Dieser definiert Kultur als ein ausdifferenziertes Teilsystem der modernen Gesellschaft, dass sich auf intellektuelle und ästhetische Weltdeutungen spezialisiert und von der Massenkultur abgrenzbar scheint. Mit dieser Option soll Kultur aus diesem Teilsystem heraus nach außen, bzw. in die Massenkultur wirken und zwar kritisierend, konstruktiv und mit Vorbildfunktion.

„Erst dem Tun entspringt das Sein. Tun ist gestalten, formen, bilden“. Ein Zitat des Kulturphilosophen Ernst Cassirer.

Wenn das Tun aber sinnentleert ist und zu affektiver Verrohung und Verdummung führt – welche Gestalt formt es dann und was bildet es heraus?

Subkultur/ Massenkultur versus Kultur?

Hier befinden wir uns zwischen einem entmutigenden und quälend engem Kulturbegriff, den jede der „kulturellen“ Gruppen für sich vehement verteidigt, besonders deshalb, weil die Identitätsbildung einer Gruppe stark mit der in ihr lebendigen und gelebten Kultur verbunden ist.

Die Fülle von Subkulturen schafft Massenkultur und diese bewegt sich zwischen Anthropologie und dem ästhetischen Verständnis von Kultur.

Wenn Kultur alles bedeuten soll, was von Menschen gemacht ist und nicht von Natur aus gegeben ist, dann gehören die Medienkultur, die Gummibärchenherstellung, die Zigarettenindustrie, die Schnapsbrennerei, der Hühnerstall, Bushido und Bohlen dazu.

Die Massenkultur weicht die Ästhetik eines sinnhaften Kulturbegriffs auf. Ist die Idee der Kultur damit heute in der Krise?
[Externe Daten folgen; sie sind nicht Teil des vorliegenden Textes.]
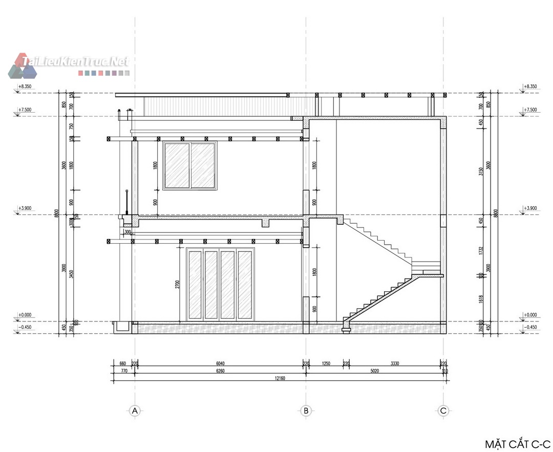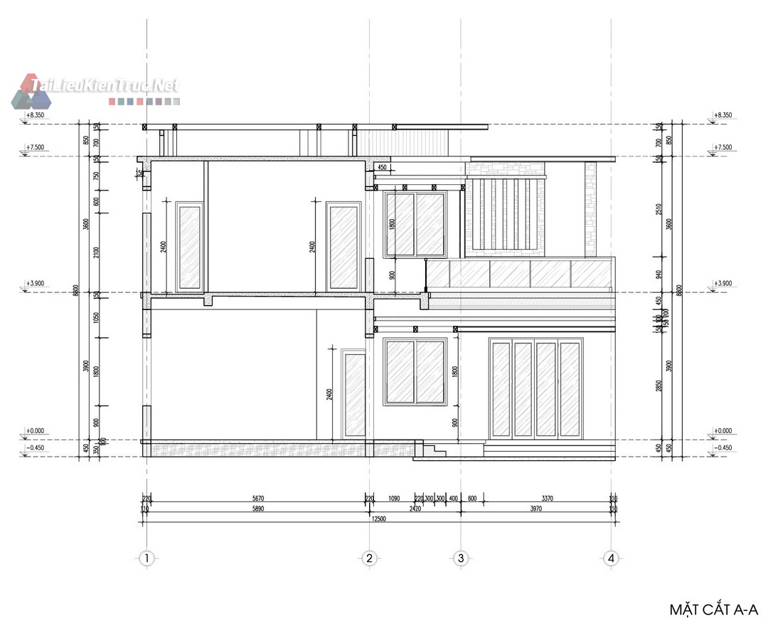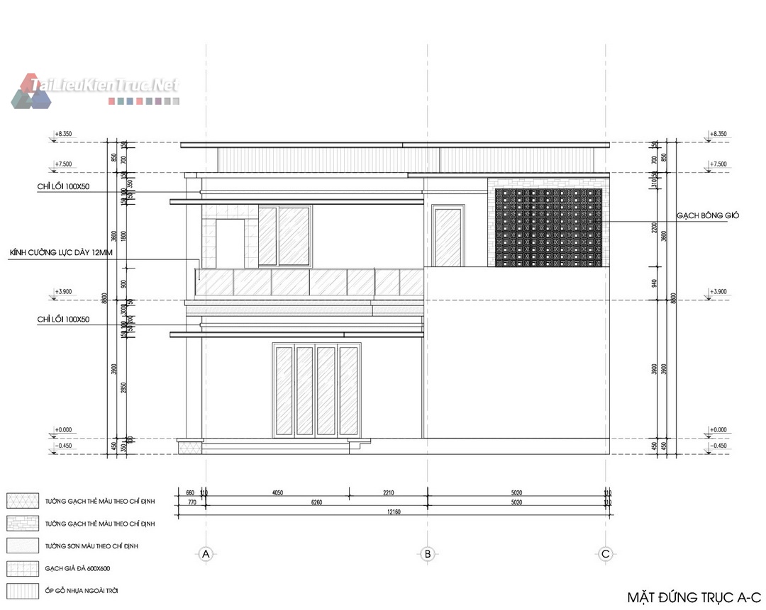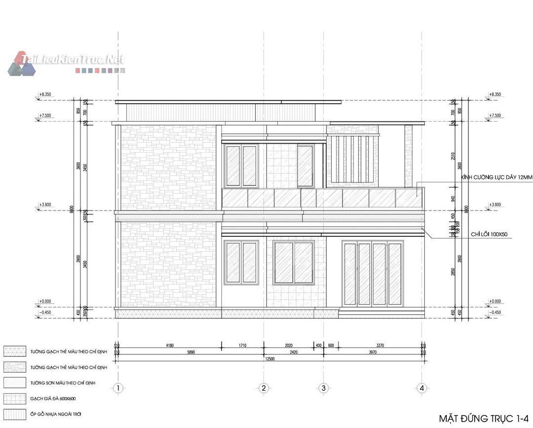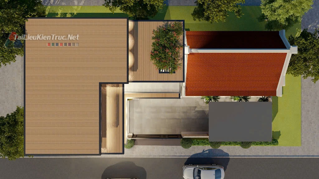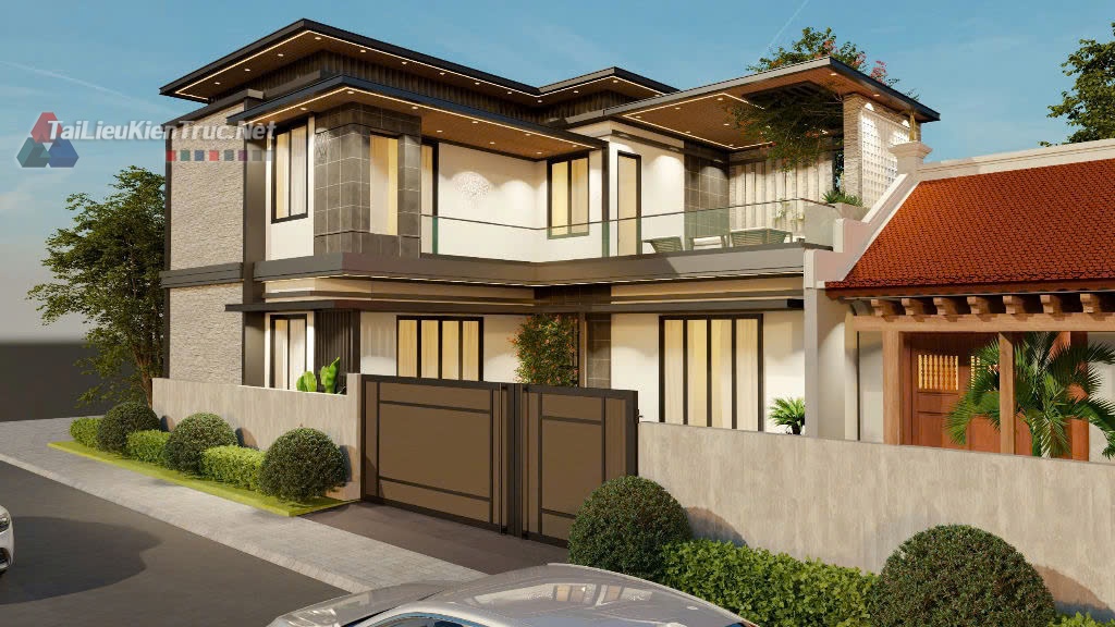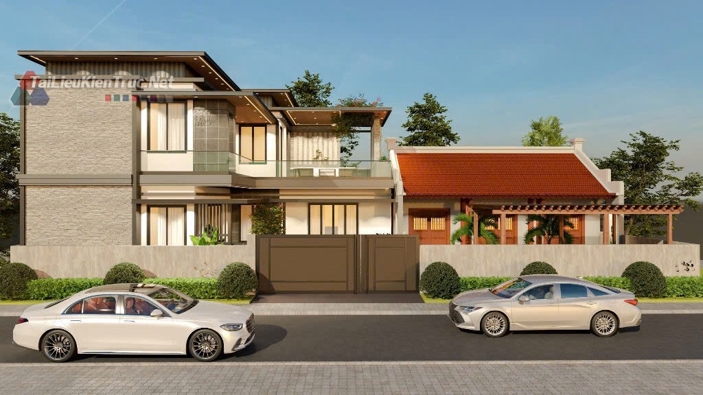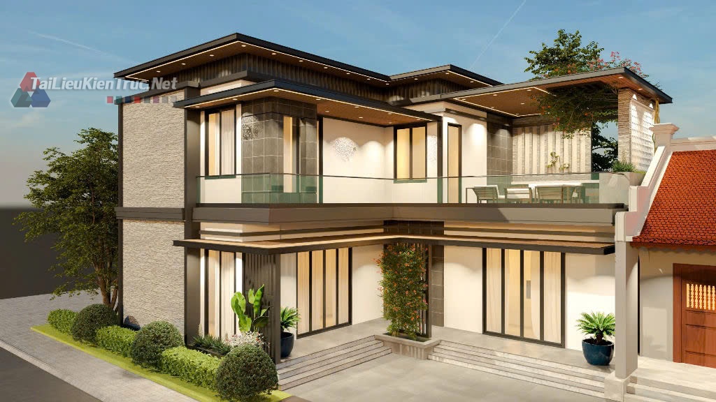 Công trình nổi bật với hệ mái bằng kết hợp lam gỗ và vật liệu ốp tường đá tự nhiên, tạo nên sự mạnh mẽ, vững chãi và sang trọng. Mặt tiền được thiết kế mở rộng tối đa với các mảng kính lớn, giúp lấy sáng và thông gió tự nhiên cho toàn bộ không gian bên trong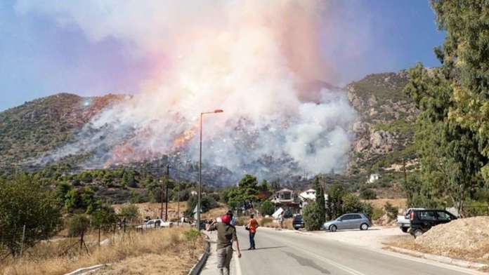 Очевидци за весникот „Катимерини“ изјавиле дека чадот стигнал до градот и дека пожарот се приближува до манастирот Агиос Патапиос во ридовите над Лутраки.

Oder gegen Kultur und Krise seit jeher Hand in Hand? Nie zuvor war Kultur weniger ein geistiger Begriff als im Zeitalter der Medien und der Reizüberflutung. Kulturkritiker sprechen vom Phänomen der Reizkultur. Kultur ist ein Schlagwort für alles und jedes. Ein Begriff den sich jedermann gefügig machen kann, weil er nicht geschützt ist und aufgrund seiner anthropologischen Definition unendlich ausweitbar.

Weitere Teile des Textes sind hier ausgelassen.